Colorado football coach Deion Sanders addressed his health issues Monday during a news conference, acknowledging that he’d kept the worst of it a secret, not even informing his sons or his team.

Sanders said he had his bladder removed in May to address a cancerous tumor. His scan looked normal from the vascular side, he said, but a visit to Janet Kukreja, Sanders’ doctor at the University of Colorado Cancer Center, revealed the tumor.

Sanders, 57, opted for a bladder removal and creation of a new bladder to remove the cancer from the organ. He said he was fortunate and urged others not to delay getting medical attention when symptoms occur.

“Let’s stop being ashamed of it,” he said he decided. “Let’s deal with it. Let’s deal with it head on.

“This wasn’t easy. Everyone, get checked out. Because if it wasn’t for me getting tested for something else, they wouldn’t have stumbled upon this. …. This could have been a whole other gathering if I hadn’t. It’s been tough. I think I dropped about 25 pounds.”

He said urinating is, well, different now.

“I can’t pee like I used to pee,” he said. “I depend on Depends, if you know what I mean.”

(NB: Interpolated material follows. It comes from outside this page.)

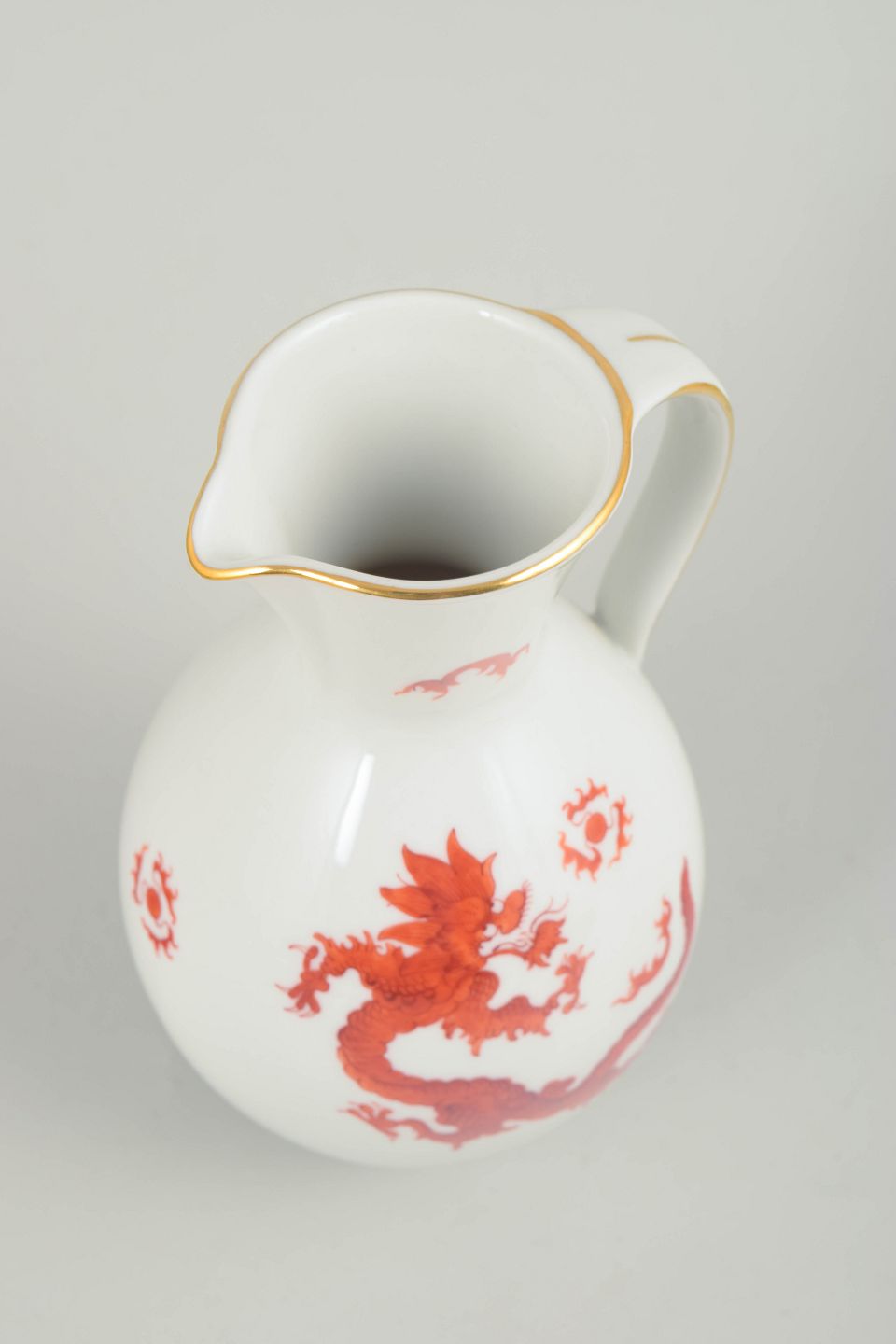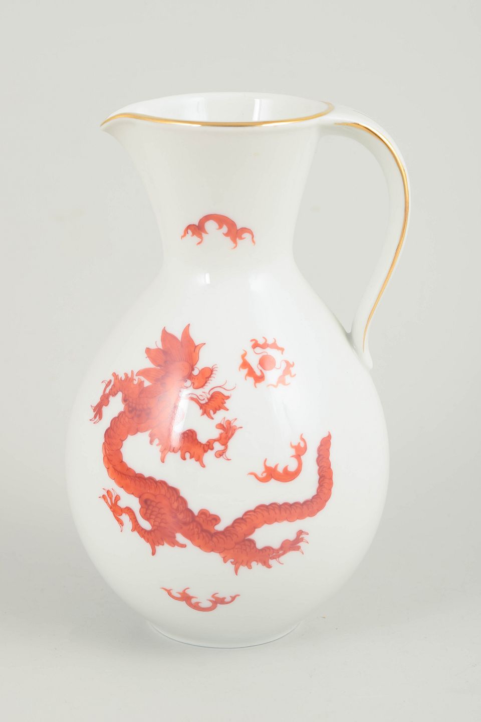 Balusterformet kande i hvidglaseret porcelæn dekoreret med rød Mingdrage og forgyldt kant. Modellen er fremstillet i Meissen-området og er ikke produceret af den kongelige Meissen-manufaktur.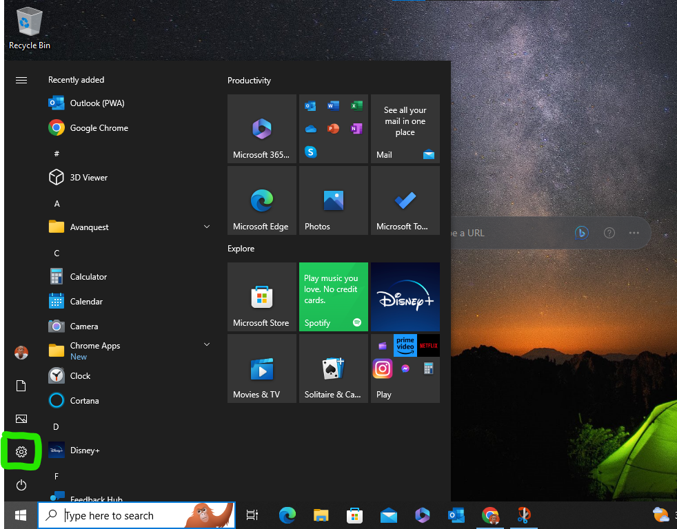 - Click on the start menu then select the gear icon.

Sanders said he has returned to coaching, and smiled when he said folks shouldn’t be surprised if they see a portable toilet on the sidelines during games this fall.

Sanders had been absent for several months, and he lauded his coaching staff for picking up the slack and not asking too many questions. He has long had blood circulation issues in his legs that led to the amputation of two toes and several surgeries since 2021.

“Thank God the [coaches] are good enough that I don’t have to babysit,” Sanders said. “They didn’t know. They found out yesterday like the rest of the team. The team that didn’t disclose this to anyone.”